GW Bush has vetoed a bill that would give NIH an additional $1 billion per year, raising the budget from $29 billion to $30 billion; saying that Congress is on a "spending spree." Yet he continues to fund a war of idiocy to the tune a over a billion a week.
The bill, which was passed by Congress last week, sought to increase NIH funding by about $1 billion from a 2007 budget of about $29 billion to a 2008 budget of about $30 billion.
In a statement released by the White House after Bush vetoed the bill, the president decried the Democrat-led Congress for engaging in what he called a "spending spree," and said that the legislative majority was "acting like a teenager with a new credit card."
The bill, H.R.3043, also sought to bolster the budgets of the departments of Labor and Education, and carried a request for a total of $150.7 billion. Since its introduction in July, Bush has said he would veto the bill because it overshot his own budget recommendations.
"We were hoping that [Bush's veto] wouldn't be the case," Carrie Wolinetz, Federation of American Societies for Experimental Biology (FASEB) spokesperson, told The Scientist. "But the threat had been there."
The NIH budget has been stagnant over the past few years, with government funding increasing by only about $1.4 billion between 2003 and 2006.
The vetoed bill also included a provision requiring
NIH-funded researchers to post the full text of their research papers on the National Library of Medicine's publicly accessible PubMed Central website within a year of publication.

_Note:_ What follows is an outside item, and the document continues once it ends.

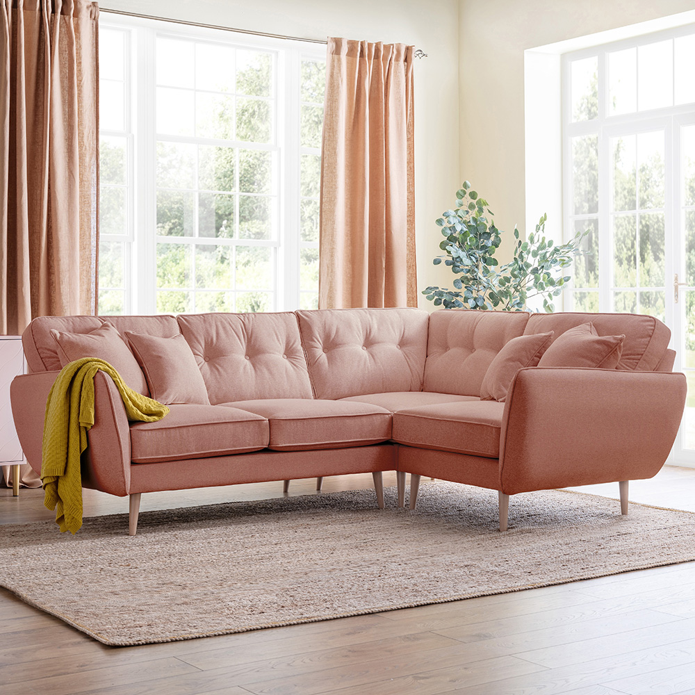 Opry Faro 4 Seater Button Back Soft Pink Corner Sofa

This provision survived an attack by Republican Senator James Inhofe in October to remain intact in the final version of the bill sent to the president.
The bill cleared the House of Representatives only three votes shy of the two-thirds majority it would have needed to avoid Bush's veto. As H.R.3043 returns to Capitol Hill, where legislators will hold a veto override vote, Wolinetz said that FASEB will continue encouraging its 80,000-strong membership to urge their legislators to support the bill and overturn the presidential veto.